### Your objective
Beginning with the line that holds "This unit has", copy each line exactly through the end of the entries, but leave the pictures out.

[Records supplied — start]

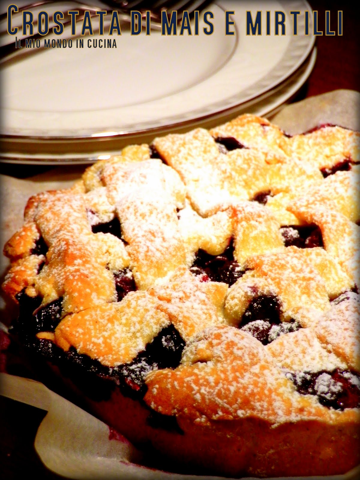 Ingredienti per 2 persone : 200 g di mirtilli freschi - 50 gr. farina gialla fumetto - 60 gr. farina 00 - 60 gr. zucchero - un pizzico di lievito in polvere vanigliato - 50 gr. burro morbido – ½ uovo (30 gr.) – 2 cucchiai di biscotti secchi sbriciolati - sale – menta secca in foglie – un pizzico di vaniglia in polvere – poca buccia di limone grattugiata
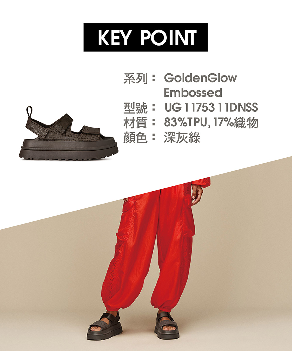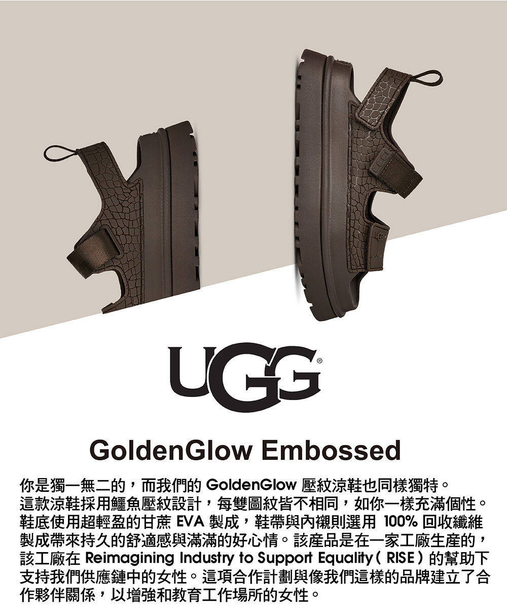 你是獨一無二的,而我們的 GoldenGlow 壓紋涼鞋也同樣獨特。這款涼鞋採用鱷魚壓紋設計,每雙圖紋皆不相同,如你一樣充滿個性。鞋底使用超輕盈的甘蔗 EVA 製成,鞋帶與內襯則選用 100% 回收纖維製成,帶來持久的舒適感與滿滿的好心情。該產品是在一家工廠生產的,該工廠在 Reimagining Industry to Support Equality (RISE) 的幫助下支持我們供應鏈中的女性。這項合作計劃與像我們這樣的品牌建立了合作夥伴關係,以增強和教育工作場所的女性。
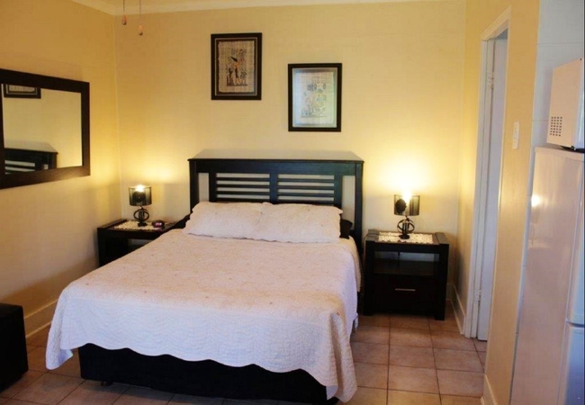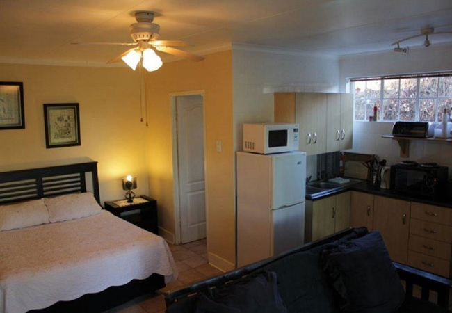 This unit has one room laid out as an open-plan bedsitter / kitchenette with King-size bed or two single beds and an en-suite bathroom with spa bath. The unit has a fully equipped kitchenette, a TV with DStv / satellite channels and Wi-Fi.
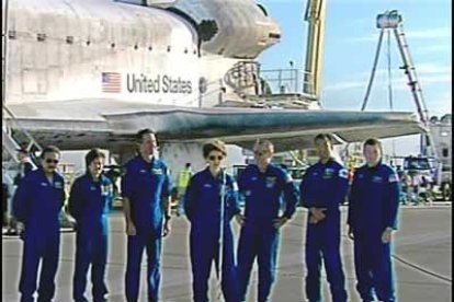 El transbordador, con sus siete astronautas a bordo, llegaba a la base aérea de Edwards.
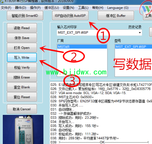 写数据前先备份原机数据,经测试此机可以用RT809编程器VGA口在线读写数据和打印信息(有些机型可能要用其它方法或拆存储器读写),读写数据也就方便多了!备份原机程序步骤:电脑接 编程器和电视主板用VGA线连接,电视开机后打开软件,点软件上自动识别----读取---填写电视型号---保存程序。
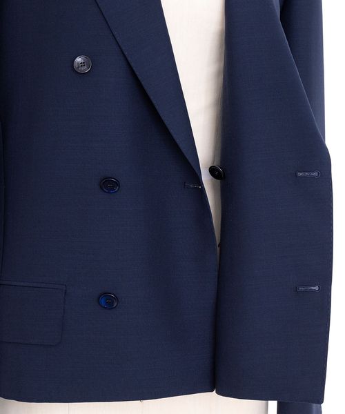 大きめなピークドラペルがクラシカルな印象を持つダブルブレストのテーラードジャケット。
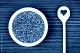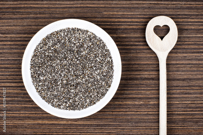 Chia seeds on white porcelain plate with cooking wooden spoon (cut heart shape) on wood background table.
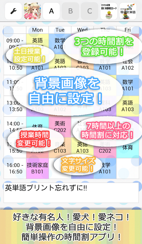 背景画像の設定が自由なので、シンプルな時間割からポップでかわいい時間割まで、様々な時間割を作成可能です。

[Records supplied — finish]

### Answer to the exercise
 This unit has one room laid out as an open-plan bedsitter / kitchenette with King-size bed or two single beds and an en-suite bathroom with spa bath. The unit has a fully equipped kitchenette, a TV with DStv / satellite channels and Wi-Fi.
 El transbordador, con sus siete astronautas a bordo, llegaba a la base aérea de Edwards.
 写数据前先备份原机数据,经测试此机可以用RT809编程器VGA口在线读写数据和打印信息(有些机型可能要用其它方法或拆存储器读写),读写数据也就方便多了!备份原机程序步骤:电脑接 编程器和电视主板用VGA线连接,电视开机后打开软件,点软件上自动识别----读取---填写电视型号---保存程序。
 大きめなピークドラペルがクラシカルな印象を持つダブルブレストのテーラードジャケット。
 Chia seeds on white porcelain plate with cooking wooden spoon (cut heart shape) on wood background table.
 背景画像の設定が自由なので、シンプルな時間割からポップでかわいい時間割まで、様々な時間割を作成可能です。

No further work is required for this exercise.